German writer and salonnière

Lally Horstmann (née Léonie Lizzie Fanny Helene von Schwabach; 17 March 1898 – 10 August 1954) was a German writer and salonnière. She had a privileged upbringing as member of the Berliner Jewish bourgeoisie. During her childhood, her family was elevated to the Prussian nobility by Wilhelm II. She married a German diplomat and art collector and became involved in literary and political salons. She authored two memoirs, Kein Grund für Tränen and Unendlich viel ist uns geblieben, which documented her life in Nazi Germany during World War II. Following her husband's death in a Soviet Gulag she fled to Brazil, where she died in 1954.

== Early life and family ==
Horstmann was born Léonie Lizzie Fanny Helene Schwabach on 17 March 1898 in Berlin. She was the daughter of Paul von Schwabach, a banker and historian, and Eleanor Schröder, the daughter of a Hamburg banker. She was the granddaughter of the banker and diplomat Julius Leopold Schwabach and a first cousin of the writer and publisher Erik-Ernst Schwabach. The Schwabach family was Jewish, but her father converted to Lutheranism.
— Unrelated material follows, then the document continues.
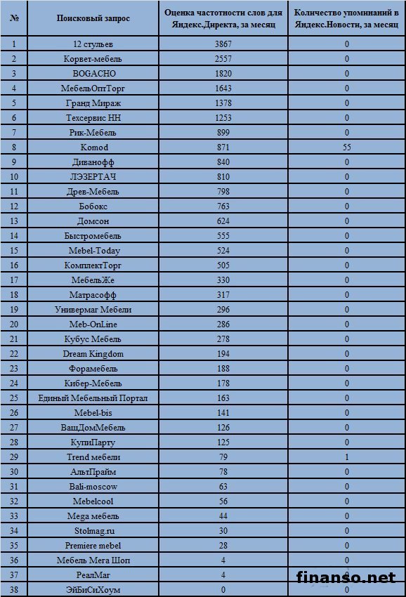 В современном мире, где особенное значение имеет время, люди все чаще и чаще совершают свои покупки с помощью глобальной сети Интернет. А точнее, речь идет о специализированных онлайн-магазинах. С каждым днем их количество растет, их становится в глобальной сети все больше и больше, и они пользуются популярностью. В то же время выбор необходимых товаров широк. Чтобы не потеряться в подобном многообразии, выбрать на самом деле ответственного и надежного партнера, нужно обратить особое внимание на их рейтинг в числе граждан Российской Федерации. С этим вопросом четко разбирались специалисты информационно-аналитического издания по экономике «Биржевой лидер». Подробностями интересовались корреспонденты издания «Украина сегодня: Finanso.net». Топ известности онлайн-магазинов мебели в РФ.Рейтинг известности онлайн-магазинов мебели формировался на основе трех основных критериев: - оценка частотности слов для системы поиска Яндекс.Директа за последний месяц, которая рассчитана при помощи специального сервиса wordstat.yandex.ru; - частота упоминаний об онлайн магазине в интернет-изданиях России, что рассчитана при помощи агрегатора news.yandex.ru (Яндекс.Новости); - регион анализа (а значит, поиска в сервисе wordstat.yandex.ru) – Российская Федерация. Самые известные у россиян интернет-магазины мебели: - первое почетное место рейтинга отдано по праву интернет-магазинам «12 стульев» – 3 867 запросов в системе поиска Яндекс за последний месяц. Мебельный центр «12 стульев» находится у Балканской площади, у станции метро «Купчино». На трех этажах центра размещены экспозиции мебельных фирм, фабрик города Санкт-Петербурга, остальных российских регионов, салоны главных мебельных компаний Европы. Вниманию гостей предлагается огромный выбор корпусной, мягкой мебели, кухонные гарнитуры, мебель для дома, офиса, детская мебель, сопутствующие товары; - второе место отдано интернет-магазину мебели «Корвет-мебель» – 2 557. В настоящее время фирма считается лидером в числе основных производителей высококачественной корпусной мебели эконом-класса в центре с фирменными выставочными залами в Москве, Иваново, Костроме, Владимире, местах Нижегородской и Владимирской областей площадью 2500 кв. м; - третье место занято магазином BOGACHO – 1 820 запросов в Яндексе. Фирма BOGACHO – единственная в РФ, что производит предметы интерьера, аксессуары для любой зоны жилого пространства: прихожей, гостиной, кухни и рабочего кабинета. |

Horstmann grew up in the cosmopolitan, cultivated milieu of the Jewish financial bourgeoisie in Berlin and on the Schwabach family's country estate in Kerzendorf, near Ludwigsfelde. In 1907, her father was raised to the hereditary Prussian nobility by Emperor Wilhelm II, at which point the family surname took on the nobiliary particle von (descending from). Horstmann's father was a member of the Kaiser Wilhelm Society and one of the hundred wealthiest people in the Kingdom of Prussia. Her sister, Vera, married Baron Eduard von der Heydt.

== Adult life ==
Horstmann married the diplomat and art collector Alfred Horstmann, who was of Jewish descent, in 1919. The couple moved to Oslo in 1920, where her husband was stationed as a diplomat, and returned to Berlin the following year. Back in Germany, they lived in a mansion in Berlin, where she managed the household.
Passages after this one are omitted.